Work task. Set the whole listing down again, word for word, with no pictures.
━━━ Collected data ━━━
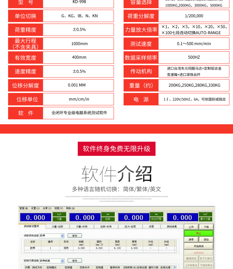 高端雙柱拉力機KD-998主要測試原物料、成品、半成品的物理特性,可做抗拉力測試、抗壓力測試、抗彎測試,取得伸長量、伸長率、應力、應變等測試結果及測試資料。...
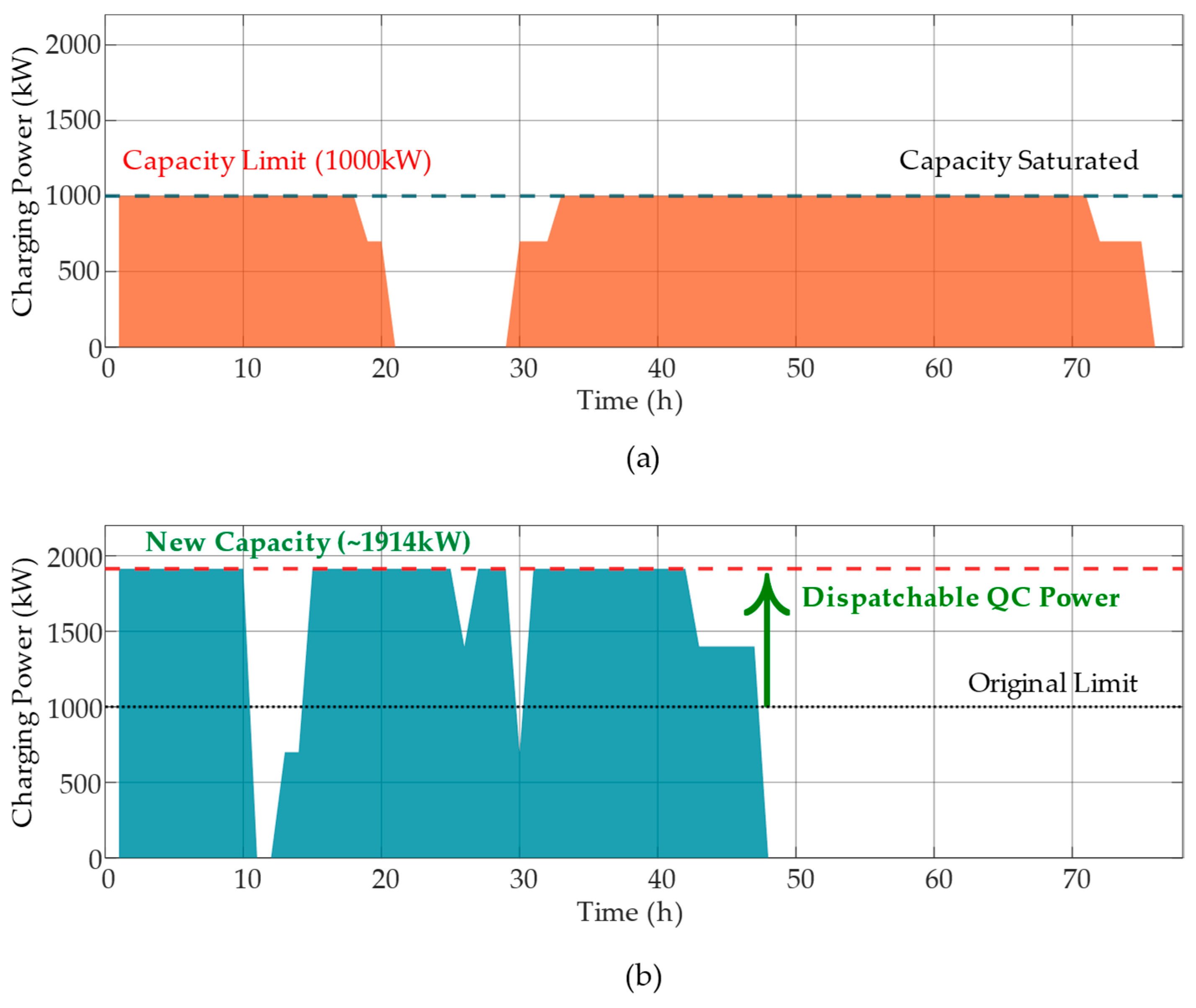 - Coordinated scheduling mode: This mode is based on the proposed ship–shore interconnection architecture. Through the, the 913.9 kW of dispatchable power () released from the QC side is integrated into the charging network, increasing the total available charging power to 1913.9 kW.
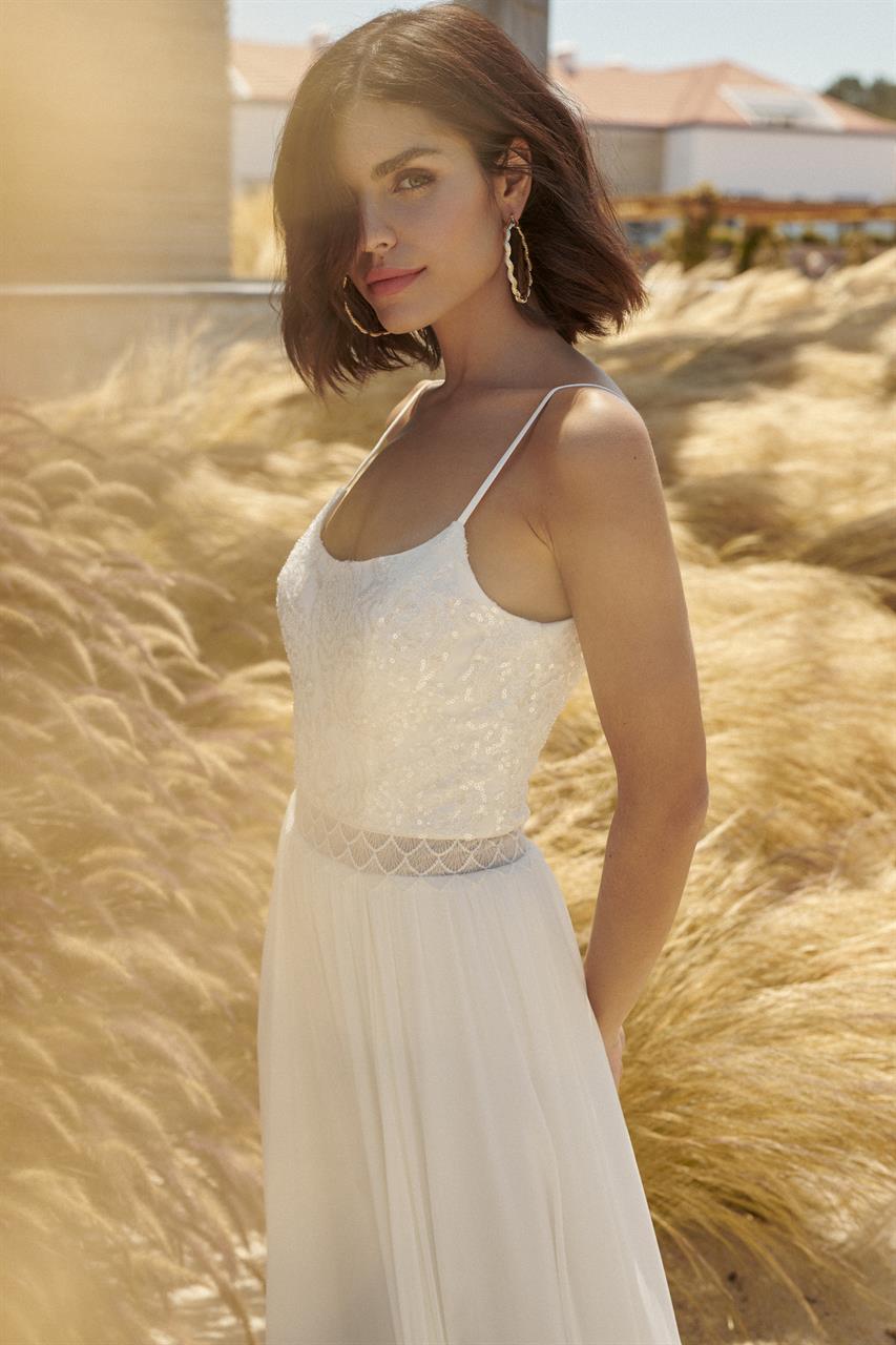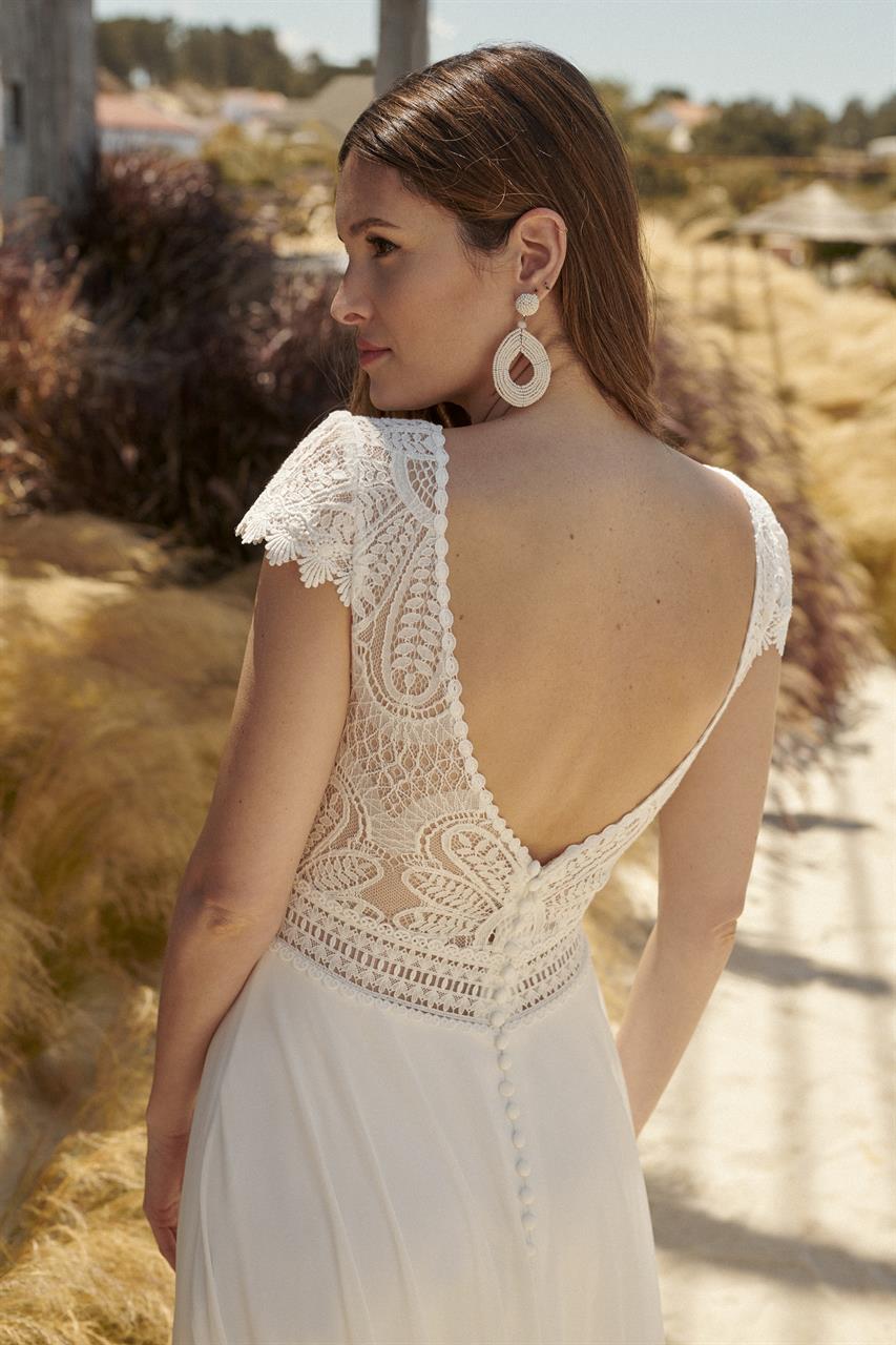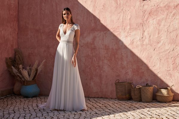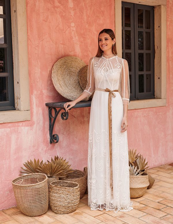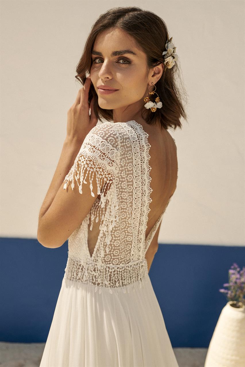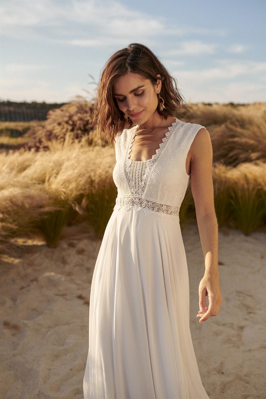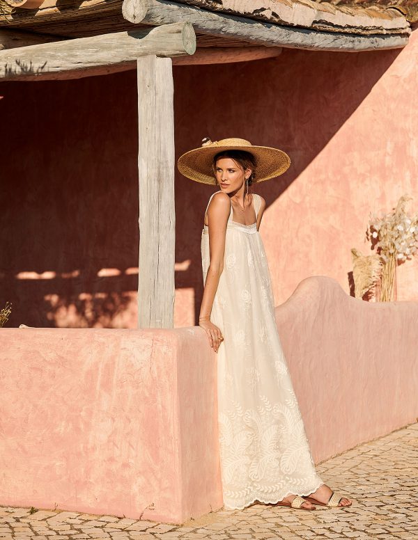 Die leichten Kleider der Kollektion 2024 im Vintage- und Boho-Stil sind aus leichten, fließenden Stoffen und hochwertiger Spitze gefertigt. Bei Nachbestellungen ist es möglich die Modelle direkt auf die eigenen Maße anfertigen zu lassen.
━━━
Expected answer.
 高端雙柱拉力機KD-998主要測試原物料、成品、半成品的物理特性,可做抗拉力測試、抗壓力測試、抗彎測試,取得伸長量、伸長率、應力、應變等測試結果及測試資料。...
 - Coordinated scheduling mode: This mode is based on the proposed ship–shore interconnection architecture. Through the, the 913.9 kW of dispatchable power () released from the QC side is integrated into the charging network, increasing the total available charging power to 1913.9 kW.
 Die leichten Kleider der Kollektion 2024 im Vintage- und Boho-Stil sind aus leichten, fließenden Stoffen und hochwertiger Spitze gefertigt. Bei Nachbestellungen ist es möglich die Modelle direkt auf die eigenen Maße anfertigen zu lassen.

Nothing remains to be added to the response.